Geçen yazımda çocuk yetiştirmedeki kalıplardan bahsetmiştim. Aslında bu kalıplar hayatımızın her anında. Hatta hislerimizde bile var ne yazık ki. Bana yardım için gelen gençlerden biri ile hislerimiz üzerine konuşurken keder hissini da ele aldık. Bu hususta konuşurken bana şunu dedi: "Ben kolay kolay üzülmem lakin üzülürsem de aşikâr etmem. Tahminen en son 3-4 yaşlarında ağlamışımdır. Sonra hiçbir şey için ağlamadım." Delikanlıyla bunun üzerine daha derinlemesine konuştuğumda üzülse bile ıstırabını aşikâr etmemeyi, ağlamamayı güçlü bir duruş olarak gördüğünü fark ettim.
Ne yazık ki bu durum bilhassa bizim kültürümüzde çok ağır. Çocuğun canı yanar, bir şeye üzülür, ağlamaya başlar. Çabucak "sen nasıl erkeksin, erkek adam buna ağlar mı, kız üzere ağlanır mı?" üzere sorularla çocuğa üzülüp ağlamak üzere doğal bir aksiyon, utanç kaynağı bir aksiyona dönüştürülür. Bununla da yetinilmez "kız üzere ağlamak" tabiri ile bayanları zayıf bir görünüme büründürerek ötekileştirir. Bayan olmayı da utanç veren bir durummuş üzere gösterir. O çocuk ileride "kadın" üzere gözükmemek ismine hisleriyle muazzam bir savaş verir. Bu, "kadınlar zayıftır o yüzden ağlarlar, sen erkeksin ağlamaman lazım, ağlarsan bayan üzere olursun, kendini sustur, acını içine at" demektir. Neresinden bakarsak bakalım yanlışlarla dolu bir yaklaşım. Ancak bu iletileri verenler de bu kalıplarla büyüdüğü için durum pek olağan.

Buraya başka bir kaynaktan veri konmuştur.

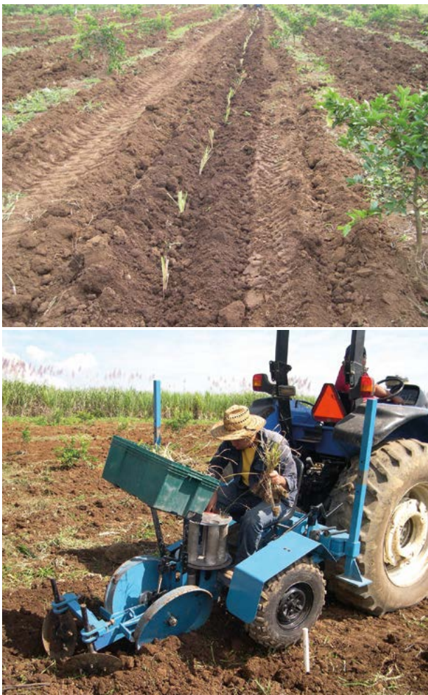
Figura 4. Evaluación de funcionamiento de un prototipo de trasplantadora en donde destaca la uniformidad de la siembra.

La competitividad y rentabilidad del cultivo de caña de azúcar se ven afectadas por diversos factores de la producción y atraso tecnológico (Nova Vargas, 2009; Ripoli y Ripoli, 2010; Taghinezhad et al. , 2014). El manejo del suelo tiene dos objetivos fundamentales; facilitar el desarrollo del cultivo para obtener ganancias y mantener o mejorar la fertilidad del suelo a largo plazo. Por lo que, una manipulación adecuada del suelo debe proporcionar un medio apropiado en el que las semillas puedan germinar y las raíces puedan crecer y, éste debe suministrar los nutrientes necesarios para el desarrollo del cultivo. Tres aspectos destacan respecto a las necesidades de una buena preparación del suelo para la siembra de caña de azúcar; desconocimiento de la calidad del suelo requerido por la semilla y plántula de caña, desconocimiento de las técnicas de manipulación mecánicas racionales y sustentables para la preparación de una cama de siembra para la semilla y plántula de caña y carencia de equipo mecánico de labranza con herramientas simples o en combinación, para

Çocuklarımıza evvel hislerin kızı erkeği olmadığını öğretmemiz lazım. Güçlü olmakla olumsuz hisleri bastırmak ortasında bir ilişki yok. Sevinmenin yansısı nasıl gülmekse; üzülmenin, hayal kırıklığının, sıkışmışlığın yansısı de ağlamak olabiliyor. Üzüldüğümüzde, sevindiğimizde, memnun olduğumuzda, kızdığımızda özümüz değişmiyor. Hatta hislerimizin bize anlatmak istediklerini dinlersek, kendimizle ilgili pek çok keşif de yapmış oluruz. "Bu hissimin bana anlatmak istediği şey ne, ben neden bu türlü hissediyorum" sorusu sorulması gereken sorular ortasında. Hislerimizi kabul edip yüzleşmek birebir vakitte bizi tahlile götürecek olan, içsel barışımızı sağlayacak yaklaşımdır
Hislerini bastıran beşerler fay sınırlarının güç biriktirmesine benzeri bir yapı sergilerler. O biriken güç bir yerde patlarsa çok büyük bir yıkım oluşturur. Bu yıkıcılık bazen kişinin etrafına yönelik olabileceği üzere bazen de kendisine yönelik olabilir.
Ayrıyeten ağlamanın memnunluk hormonu salgılattığı, gerilimle başa çıkmayı kolaylaştırdığı, gözyaşları sayesinde bedenden toksin attırdığı da bilinen yararları ortasında. Ağlayan insanların "şimdi biraz rahatladım" demesinin altında da bunlar yatıyor.
Bu yüzden çocuklarınızla her türlü hissiniz üzerine konuşabilirsiniz. Onları da hislerini fark ettirmek ismine ne hissettiklerini sormaktan kaçınmayın. Üzüldüklerinde, ağladıklarında hisleri üzerine konuşun. Aile sohbetlerinde karşılaştığınız bir olayın sizde nasıl hisler uyandırdığını çocuklarınızla paylaşın ki hislerine yabancılaşmasınlar.
Türkiye'nin en güncel forumlardan olan forumdas.com.tr'de forumda aktif ve katkısı olabilecek kişilerden gönüllü katkıda sağlayabilecek kişiler aranmaktadır.